Once A Toxic Life
A Retro Look At My Toxic Life
Ah, ha, Er (wait a second the narrator is still preparing himself)
[Ready]
Welcome, ladies and gentleman in today's show. Today, I am going to give you a sneak peek into my so called secret private life. To begin with introduction, I am a very cool, very famous, young man (Can I still call me young?). Cool as for the time being at least, because most of the time I am pretty much fucked up, entangled in the tides of my own thoughts (No, don't get the wrong idea of Dual Personality Disorder). By look I am pretty young. Very young.
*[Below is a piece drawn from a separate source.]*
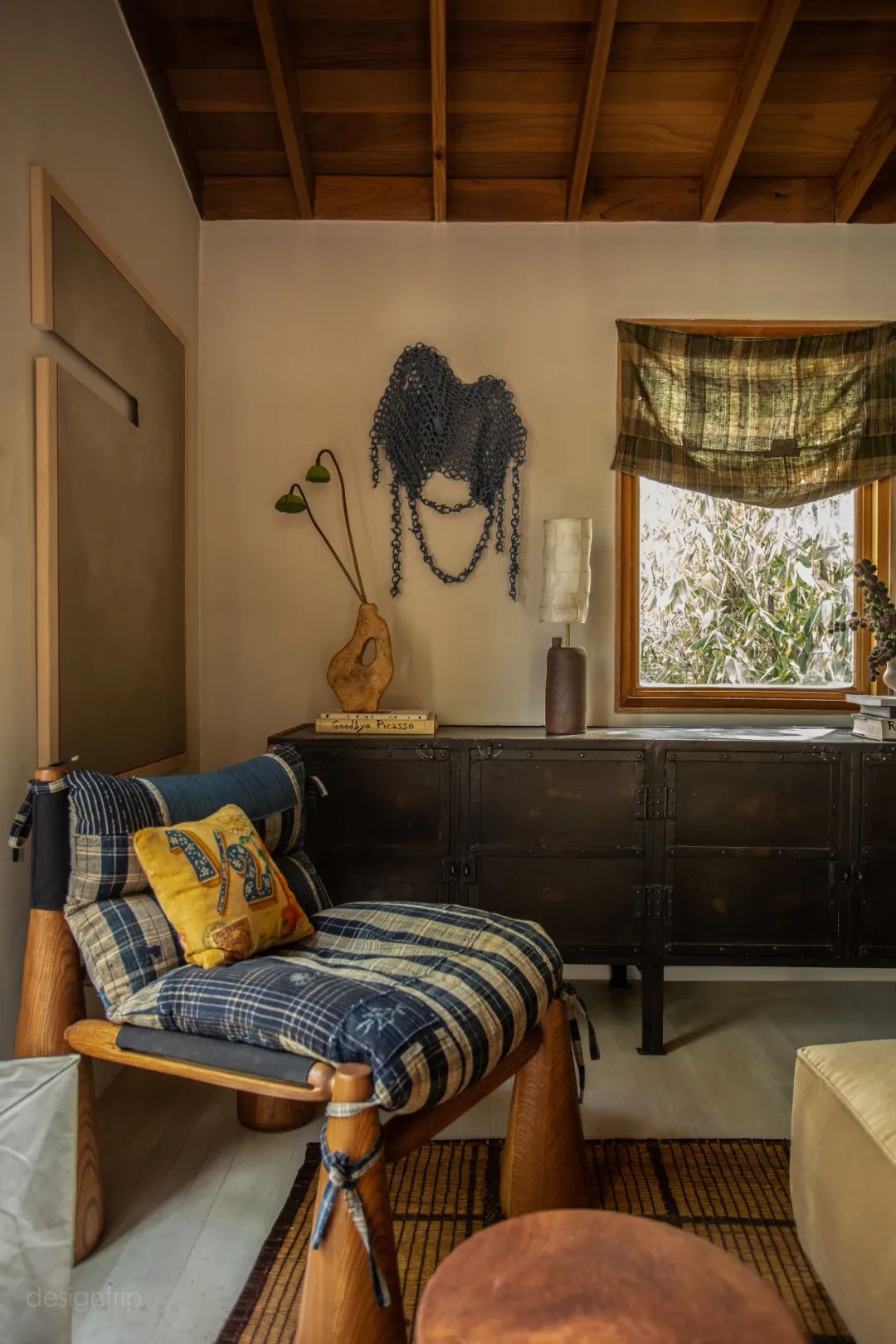 Lauren Piscione喜歡那些古色古香的單品,尤其是有機材料制成的,她從中看到了獨特的美感,包括歷史的感覺。在這座住宅中也放置了大量的日本古董紡織品,它們古老而破爛不堪。但即使它們有十分明顯的修補,依舊不妨礙Lauren對它們的喜愛。

[Hey, audience is going to run away]
Today, I am going to enlighten you on a very sensitive topic, about the darkness and the path to light. Just kidding. I am, as I said, just a fucked up young man, and today I am going to share with you my experiences of a period when I was very toxic, and my life was full of radioactive fuel.
Let's rewind the clock to some two years. OK, Ladies and Gentleman what you are watching isn't important for the time being, what I am going to show you is. So Please (that's not my style by the way), close your third eye and with your natural two eyes concentrate on the page open in front of you. I am in there, this is where you have to concentrate.
Two years ago, here I am -- toxic, walking to the college, well dressed, having a conceited look on my face, pretending to be the happiest person. What's wrong with me? Let's dissect the brain and see, after all it's my brain. Isn't it?
This boy is so lame. Look at his hairstyle, knows no manners. Jogging at this time -- such a fool. What lame videos he was watching. Still talking about the movies what a bunch of fools. Oh, these inferior late raiser don't they have any shame -- playing games and watching movies the whole night. What with that guy, looks like knows nothing about the productivity, what a waste of life.
[Listen, that's enough, wrap it up, wrap it up. I said, wrap it up quickly. You...]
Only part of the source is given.